Faltavam dois minutos para o prazo dos 30 minutos se encerrar e o mesmo rapaz veio correndo na minha mesa explicar que traria o meu pedido em 3 minutos. Eu, impaciente e acostumada com clientes que reclamam de propaganda enganosa, fiz uma cara feia e disse que gostaria de cancelar o pedido. “No, no, no”, implorou o rapaz enquanto voltava caminhando de costas para a cozinha. Seis minutos mais tarde, ele volta com a sacola e o meu pedido: -Me desculpa, senhora, me desculpa. 

Eu balancei a cabeça sem dar muita atenção ao seu pedido de desculpas, peguei o guarda-chuva e deixei o local. 

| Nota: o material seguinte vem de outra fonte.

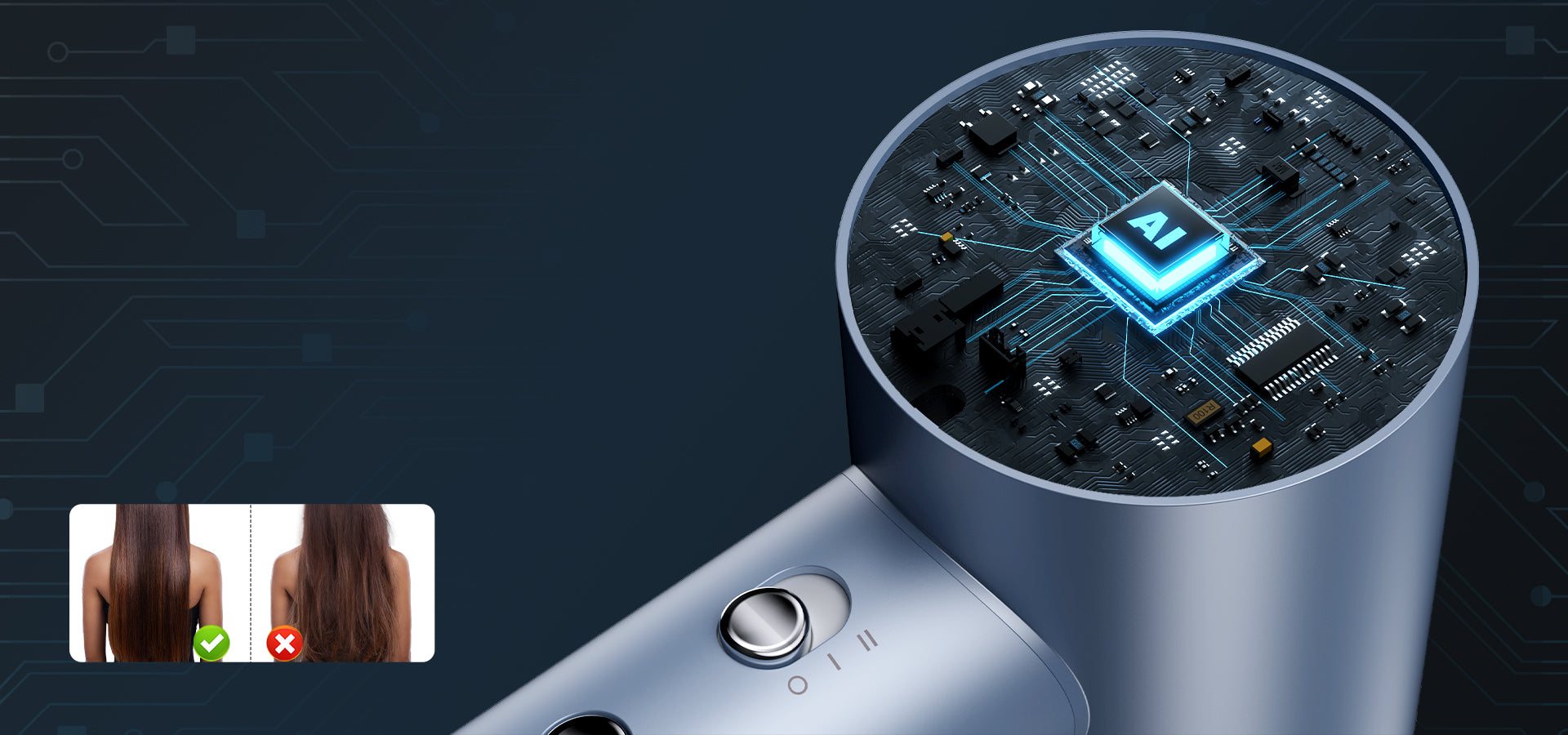 Der intelligente Haartrockner misst die Luftstromtemperatur über 100 Mal pro Sekunde und sorgt so für die richtige Temperatur, um Ihr Haar vor dem Austrocknen der Schuppenschicht, Haarbruch und Kräuseln zu schützen. Das komfortable Föhnen steigert die Haltbarkeit und den Glanz Ihres Haares um 90 %, reduziert Überhitzungsschäden deutlich und verlängert die Haltbarkeit Ihrer Dauerwelle deutlich.

Atravessar as ruas em Bangkok é um verdadeiro desafio. À noite e com chuva, é quase missão impossível. Lá estava eu aguardando pelo momento exato em que os carros e motos me dariam uma brecha, a uns 200 metros da pizzaria, quando vejo uma figura franzina, correndo em minha direção e acenando sem parar. Era o vendedor que me atendeu, que também preparou o meu pedido e deixou o meu estômago furioso com os quatro minutos extras que ele precisou esperar. Ele me estendeu uma sacola com uma caixinha dentro e enquanto eu agradecia sem entender o que estava acontecendo, ele tentava a qualquer custo parar o transito para que eu atravessasse. Quando, enfim, ele conseguiu, eu atravessei, agradeci pela ajuda e percebi que ele continuava balbuciando “Desculpa, desculpa” sem parar…

De volta ao hostel abro a caixinha e vejo seis singelos nuggets. E me vi chorando. Não pelo gesto do rapaz. E sim, porque a sua preocupação em ter o meu pedido de desculpas aceito me fez refletir sobre a minha intolerância desnecessária. Foram apenas quatro minutos para alguém que está de férias, sem motivo algum para se estressar. 

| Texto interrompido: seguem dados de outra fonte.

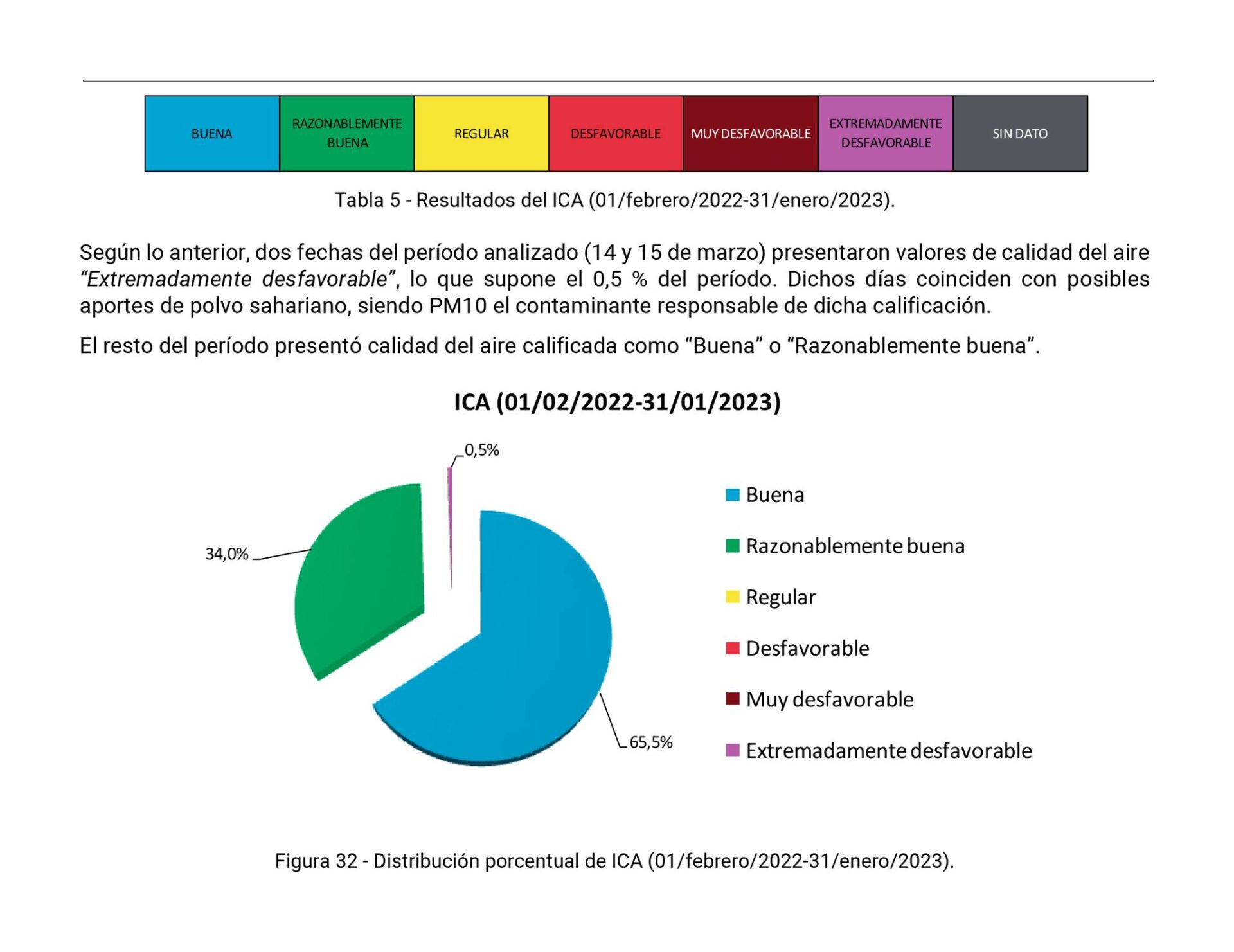 El 65,5% dels dies va tindre la qualificació de “bona”, que és la nota màxima, i el 34% de “raonablement bona”, per la presència de pols sahariana en suspensió.

Foram quatro minutos extras, em que aquele rapaz, percebendo o meu descontentamento, encarou a tempestade sem nenhuma proteção para me levar uma caixa de nuggets e me ajudar a atravessar a rua. 

Em Bangkok. Na Tailândia. Onde pagamos $5 por uma refeição que serve dois e que, de brinde, vem acompanhada por uma lição sobre altruísmo dentro de uma caixa de nuggets.